Mental health disorders are highly prevalent across countries. They increase over time and impose a severe burden on individuals and societies.

Objective

This paper examines the evolution of mental health over a period of 15 years, paying special attention on the impact of the most recent economic downturn and subsequent recovery, in Spain.

Method

We use data coming from the National Health Surveys of 2006/2007, 2011/2012 and 2016/2017. Mental health is proxied by two measures, doctor-diagnosed mental disorder and psychological distress (based on the 12-item General Health Questionnaire). To account for the relationship between the two mental health indicators, we estimate a bivariate probit model.
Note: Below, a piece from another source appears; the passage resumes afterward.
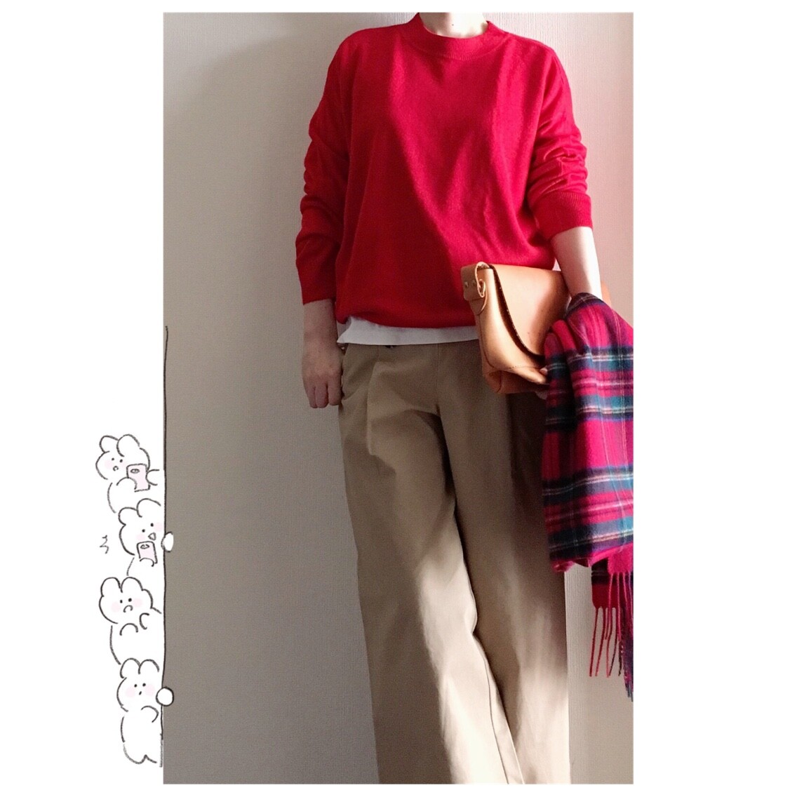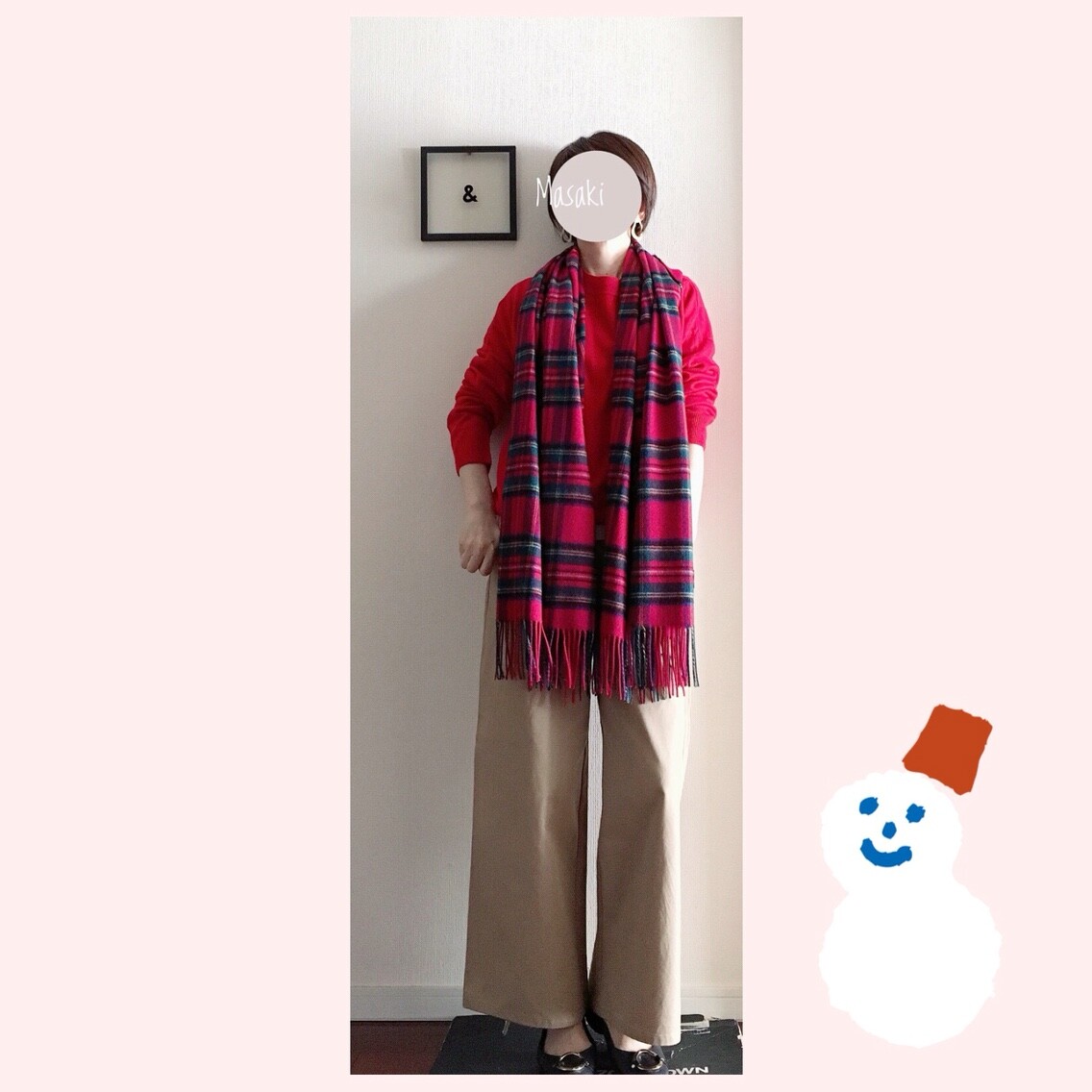 赤ニットに赤ストールを使うこと!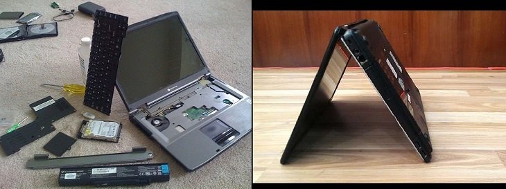 Đây được cho là bước khó khăn nhất, bởi bên trong laptop có rất nhiều các bộ phận khác nhau, nếu không biết cách tháo có thể bạn không cứu được máy mà còn làm hỏng máy tính của bạn. Đầu tiên bạn cần tháo pin ngay từ khi bị nước đổ vào laptop. Tiếp theo đó, bạn lần lượt tháo rời phần bàn phím, khung viền màn hình, ổ cứng và cả ổ quang, tiếp tới RAM và cuối cùng là bo mạch chủ.

The potential endogeneity of unemployment status is considered.

Results

We observe different patterns of the two mental health indicators over time. Psychological distress in men increased during recession years, but slightly decreased among women. Diagnosed mental disorders declined during the peak years of the crisis. Unemployment is a major risk factor for mental distress. Irrespective of the economic conditions, belonging to a higher social class acts as a buffer against psychological distress for women, but not for men. The remaining determinants acted as expected. Women declared worse psychological health than men, and were also more often diagnosed with mental disorders. Having a partner had a protective impact, while providing intensive care to a dependent relative exerted the opposite effect. Education acted as buffer against the onset of psychological distress in women.

Conclusion

Even though the need for mental healthcare increased during the recession, the fact that fewer people were diagnosed suggests that barriers to accessing mental healthcare may be aggravated during the crisis. Policies aiming to tackle the challenges posed by the high prevalence of mental disorders have to be particularly attentive to changes in individuals’ socioeconomic situation, including education, unemployment and social class.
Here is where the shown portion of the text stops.